I'm given $6$ side lengths and asked to find the volume. I feel lost
Tetrahedron $ABCD$ has $AB=1.5$, $AC=1$, $BC=2$, $BD=2.5$, $AD=1.5$, and $CD=3$.
I got the area of triangle ABC by Heron's formula to be $\sqrt{2.25(2.25-1)(2.25-2)(2.25-1.5)}$.
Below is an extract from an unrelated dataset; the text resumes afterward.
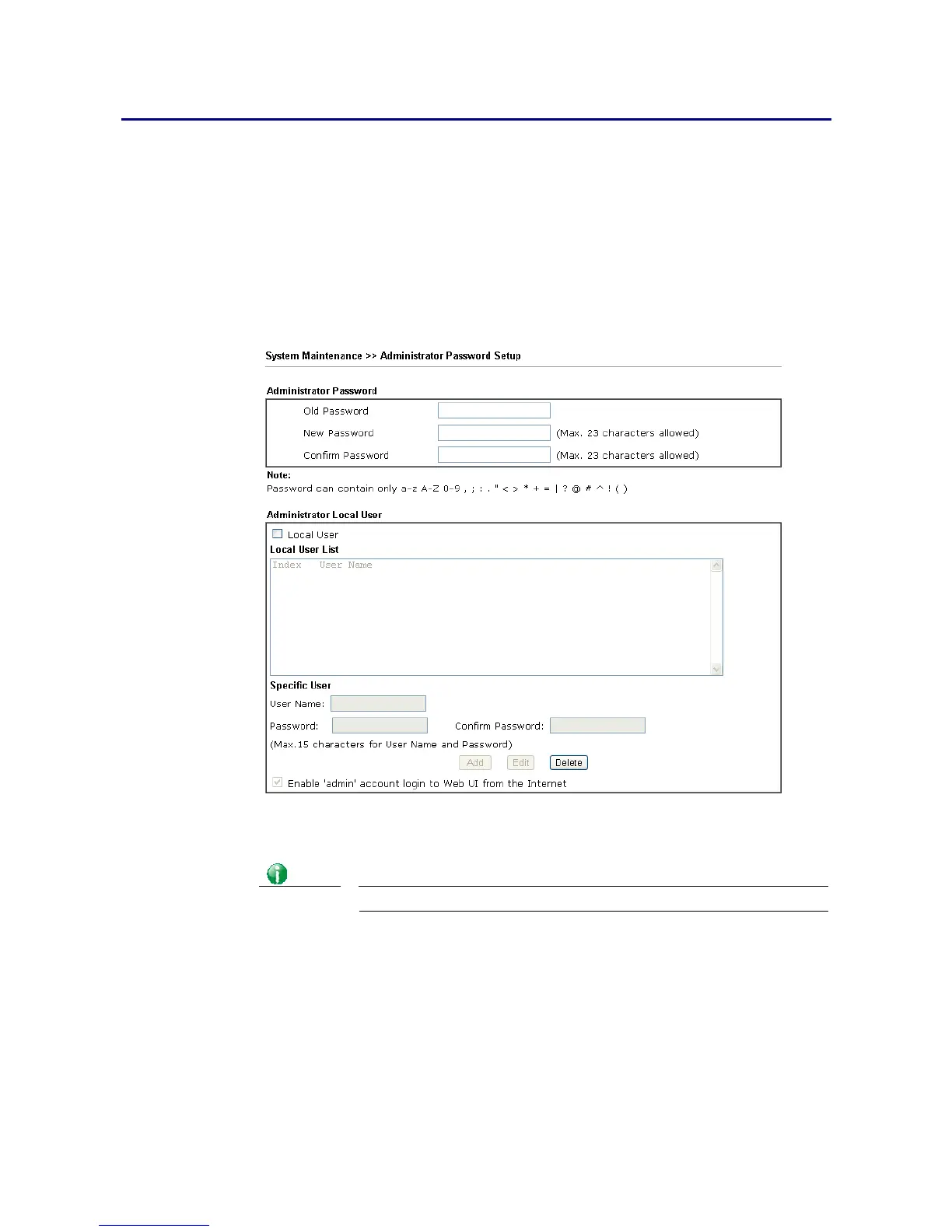 4. Enter the login password (the default is “admin”) on the field of Old Password. Type

How do I find the height of the tetrahedron?
Best Answer
By the Cayley-Menger determinant
$$ 288 V^2=\det\begin{pmatrix}0 & 1 & 1 & 1 & 1 \\ 1 & 0 & d_{12}^2 & d_{13}^3 & d_{14}^2\\ 1 & d_{21}^2 & 0 & d_{23}^2 & d_{24}^2\\1 & d_{31}^2 & d_{32}^2 & 0 & d_{34}^2 \\1 & d_{41}^2 & d_{42}^2 & d_{43}^2 & 0\end{pmatrix} $$ and in our case $d_{12}=d_{21}=\frac{3}{2}$, $d_{13}=d_{31}=1$, $d_{14}=d_{41}=\frac{3}{2}$, $d_{23}=d_{32}=2$, $d_{24}=d_{42}=\frac{5}{2}$, $d_{34}=d_{43}=3$. Since the involved matrix is symmetric but not positive definite, that tells us Houston has a problem: the sides of $ACD$ do not fulfill the triangular inequality, since $AC+AD\color{red}{<}CD$, hence there is no tetrahedron with such side lengths.